When audiences use Twitter and other tools to communicate with one another during live presentations, they create a new “backchannel” where they share comments, questions and sometimes criticisms about the person speaking.
This new dynamic has led to high-profile blowups between presenters and audiences, which makes it more important than ever for presenters to do the right things to avoid similar disasters.
To short-circuit a possible disaster, keep in mind these five things you can do to prepare and engage the backchannel.

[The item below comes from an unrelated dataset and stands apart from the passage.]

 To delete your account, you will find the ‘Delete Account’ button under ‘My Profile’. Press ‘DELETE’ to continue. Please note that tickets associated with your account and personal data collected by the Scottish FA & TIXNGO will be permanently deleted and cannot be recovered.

1. Calibrate Your Content so You Don’t Misfire
One of the major causes of backchannel disasters is a mismatch between what audiences expect, and what you deliver. Make sure you match your audience expectations when you are planning your material by using Twitter to reach out to the followers who will be in attendance. Ask for their feedback. Query them about challenges they are facing that you can help resolve, case studies of how they tackled situations related to your topic, or suggestions of what you should be sure to cover.
2. Defuse the Snark Bomb Before it Blows Up on You
Audience members who use Twitter during a live presentation will often assume the speaker is not paying attention to their comments, so they may be more prone to be snarky or say things they wouldn’t say to you face-to-face. Prevent this dynamic at the outset by publicly welcoming audience members using Twitter and let them know you’ll be monitoring what they write, and possibly reading aloud to the whole audience what they tweet.

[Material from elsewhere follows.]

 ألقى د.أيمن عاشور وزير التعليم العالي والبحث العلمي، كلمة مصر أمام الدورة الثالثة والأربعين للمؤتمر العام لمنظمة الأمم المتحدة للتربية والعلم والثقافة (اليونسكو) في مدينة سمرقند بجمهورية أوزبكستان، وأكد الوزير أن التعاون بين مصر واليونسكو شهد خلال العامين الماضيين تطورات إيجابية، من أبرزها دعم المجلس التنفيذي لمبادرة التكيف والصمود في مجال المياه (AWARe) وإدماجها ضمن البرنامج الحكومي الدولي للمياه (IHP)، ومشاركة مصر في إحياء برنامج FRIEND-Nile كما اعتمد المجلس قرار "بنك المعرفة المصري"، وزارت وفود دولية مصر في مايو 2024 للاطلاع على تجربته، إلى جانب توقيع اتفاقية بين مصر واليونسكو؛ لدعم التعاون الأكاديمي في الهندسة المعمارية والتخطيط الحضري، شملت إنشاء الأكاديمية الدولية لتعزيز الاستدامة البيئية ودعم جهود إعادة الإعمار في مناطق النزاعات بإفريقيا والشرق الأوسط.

3. Spark the Conversation Early and Often
The whole point of social media is that people want to get more involved in experiences, rather than be passive recipients of opinions pronounced from on high. To get people more involved, plan your material in a way that allows you to take Twitter breaks.

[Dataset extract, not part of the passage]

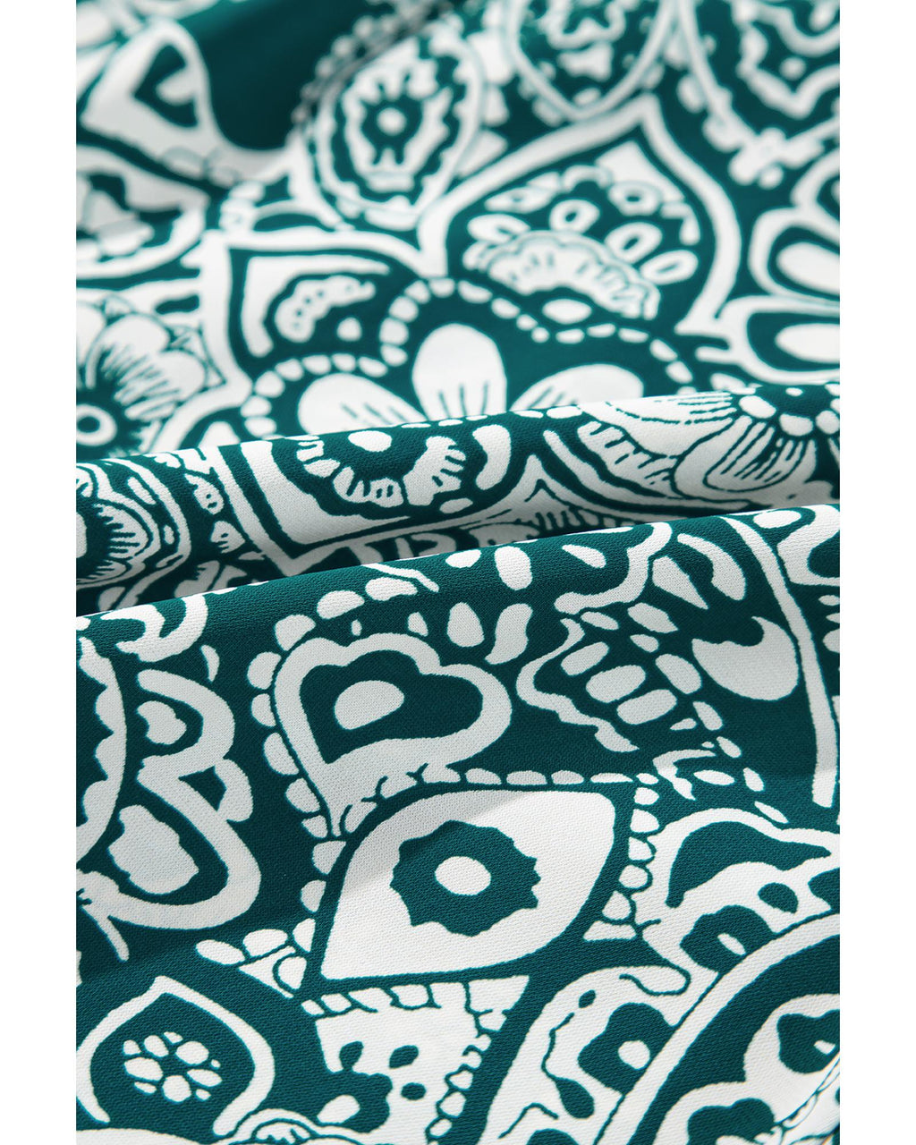 • Green Floral Flounce Sleeve Split Neck Plus Size Dress

When you break, switch over to a browser, review the audience tweets and respond to questions both from the backchannel and from the live audience. These breaks give you the chance to take the temperature of the audience, make sure you’re on track, and to make any adjustments to your presentation based on the feedback you get.
4. Grab the Twecklers Off of the Web and Into the Room
When you take a Twitter break and review comments, you may find that audience members made negative remarks or even heckled you. What should you do? You’ll need to make a judgment call here –- if you can’t do anything about the issue, or if it reflects the personal view of that one person, you might just ignore it.
But if the comment is disruptive and you see it’s affecting the comments of others, you may need to address it directly. In that case, read the comment out loud to the audience, and take a poll of how many people agree with the comment. If many people agree, ask the individual to explain it further, and then address it. If only a few people concur, let the commenter know you’ll be glad to talk further after the presentation and move on.
5. Don’t Stick Your Fingers in the Social Media Socket
The last thing you want to do is lose control of your presentation because you’re overwhelmed. Trying to deliver your presentation while monitoring the information flowing from the Twitterstream can be difficult. If it’s too much to do both, which is the case for most people, focus on your delivery first, then engage the backchannel when you turn your attention to it during Twitter breaks. That way you accomplish what you came to do –- delivering an effective, memorable presentation as you promised in your session description, as well engaging and involving your audience during breaks.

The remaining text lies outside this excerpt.